ドラマなのだし、ミコトは本来優秀な法医学者なのだから、自らぎゃふんといわせる脚本にしたってよかったのだ、というかそっちのほうがカタルシスは大きい。でもミコトはそうしなかった。法医学者である彼女は何よりまず真実を追求し明らかにする(それは彼女の人生観といってもいい)ためにために、女性として蔑視される場所を避けた。

法医学者としての勝利と、女性としての尊厳。本人に優秀な資質があっても、どちらも同時に成し遂げるのは困難なのだ、それが今の現実なのだ、と強く印象づける。そこで、男性である所長(松重豊)が、「I have a dream! いつかあらゆる差別のない世界を」とキング牧師の言葉を引いて大真面目に(だからこそユーモラスに)言挙げするのも、スマートなだけでなく誠意ある幕引きだったと思う。

男女の非対称の考え方が、吹越満の検事や斎藤実の大学教授のように個人的な性向にとどまらず、社会全体に共有されていることをドラマは描く。北村有起哉演じる週刊誌の記者が「敏腕検事 vs ヒステリー女法医学者」という記事を出すと、見る間に傍聴人が増え、メディアの注目度も上がっていく。「こういうのはな、わかりやすいほうがいいんだよ」とほくそ笑む記者。ユッキーヤのゲスな存在感が際立っている!!! ・・・のはさておき、私たちはこうやって安易な二項対立に踊らされている。個人やメディアや社会など様々な環境が相互補強しあって性の非対称は維持されている。
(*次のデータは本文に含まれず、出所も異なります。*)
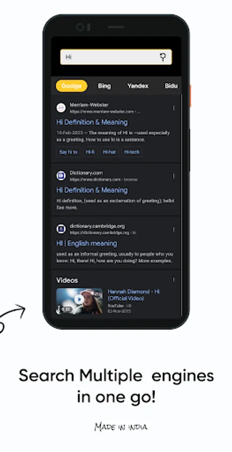 OneHunt is what it says. It allows you to do a web search with a wide range of search engines. Save time and data by not having to visit sites everytime to search. Instead land directly on the results page. Has a list of search engines like Google, Bing, Youtube!, Wikipedia .
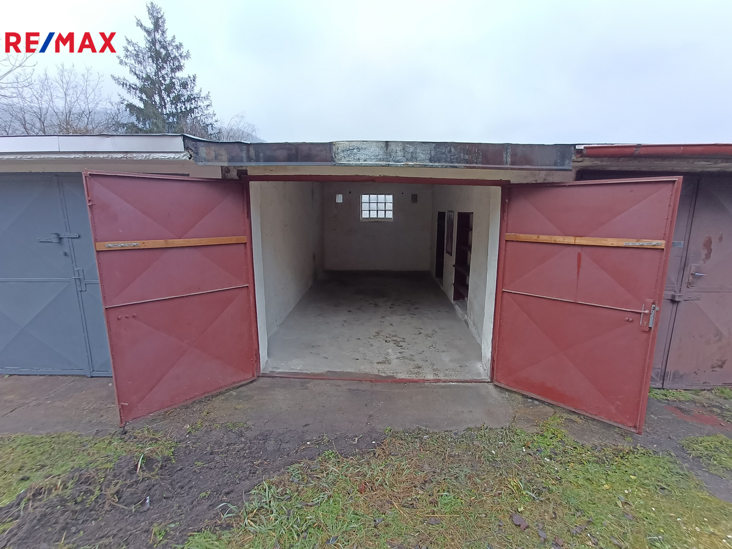 Garáž je v dobrém technickém stavu, má betonovou podlahu, železná dvoukřídlá vrata a suchou střechu. Elektřina není zavedena – ideální tedy pro parkování vozu, motorky nebo bezpečné uložení sezónních věcí.
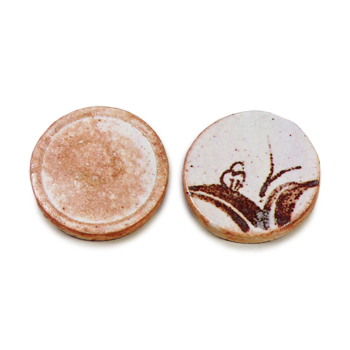 一文字の場合、この緋色もその重要な見所となるのであるが、この香合のように側面に出るものもあれば、底一面に出る場合もある。また側底両面に現われるものもあり、その場合は甲に絵がなくとも鑑賞価値をもつこともある。なおこの形は、堆朱や青貝の香合からとられたもので、底にくり込みがとられている。
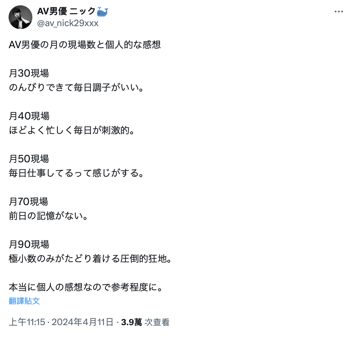 然后这个计算的单位叫做「现场」,只要身体负荷得了可以硬也可以射然后做好时间管理大师那一天3到4个现场也是OK的。而ニック(Nick)的发文则是以一个月为准,以工作的数量来讲自己的感受:
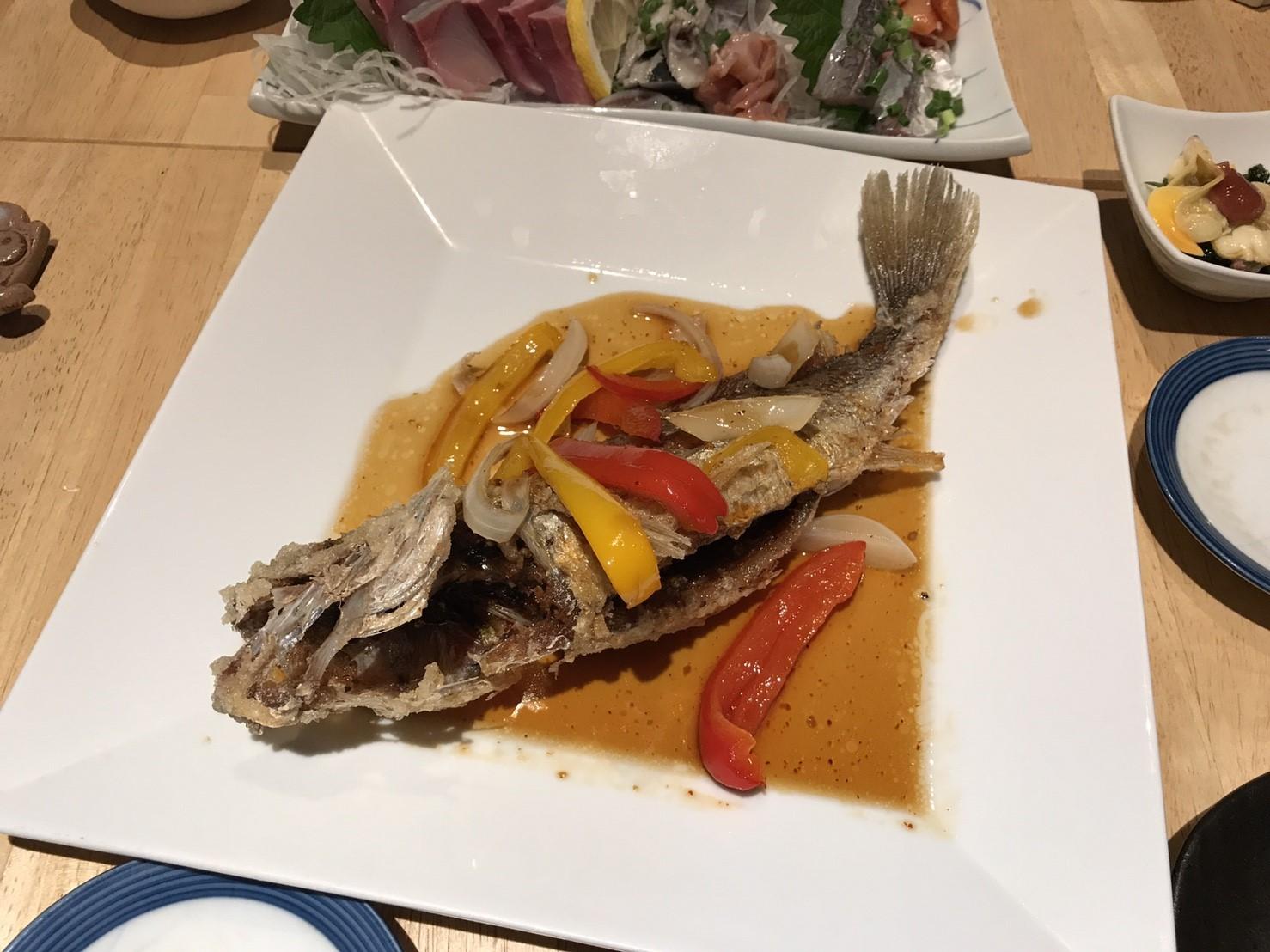 席に着くと同時に、地元でとれた魚料理が続々と運ばれてきました。メインのお造りは、旬の魚を13種類も盛り込んだとってもぜいたくなものでした。そして、地元グルメの『鎌倉おでん』や鎌倉野菜を使った料理が並び、この店の看板料理ともいえる『湘南生しらす』が、山盛りで登場!一口食べると、鮮度の良さがすぐに感じられました。一匹丸ごとの煮魚や素揚げした魚に甘酢の餡をかけたものも絶品で、生魚がちょっと苦手なみどりさんに大好評でした。特に甘酢あんかけのお魚はカリカリに揚がっていて、あのみどりさんが骨まで全部食べていました(笑)

だからこそ、「女性はすぐ感情的になるから」とミコトの証言を退けた検事を、今度は中堂が怒らせ、「感情的になるなよ」となだめる場面も光る。女性は××だ、と括ることのナンセンス。

温水さん演じる、妻を殺害した冤罪で逮捕されていた容疑者は、夫婦間では弱者であったがゆえに、こじらせて女性不信・女性蔑視になったという造形。殺された妻は美人主婦ブロガーとして有名だった。女性ゆえの軽視・蔑視と、女性ゆえにもてはやされるのは表裏一体であり、それが絡まって新たなミソジニーを生む・・・という構造にも目配りがされていて、唸る。

そういえば、ミコトの実家で、弁護士の母親(薬師丸ひろ子)がビールを傍らに持ち帰り仕事をしており、ミコトの弟が慣れた手つきで夕食?夜食?を作ってサーブする場面も、何の説明もなくサラッと描かれてたね。

・・・と、ジェンダーちっくなこともいろいろ書いたけど、随所に笑いと萌えがちりばめられていてすごく洗練されたドラマです。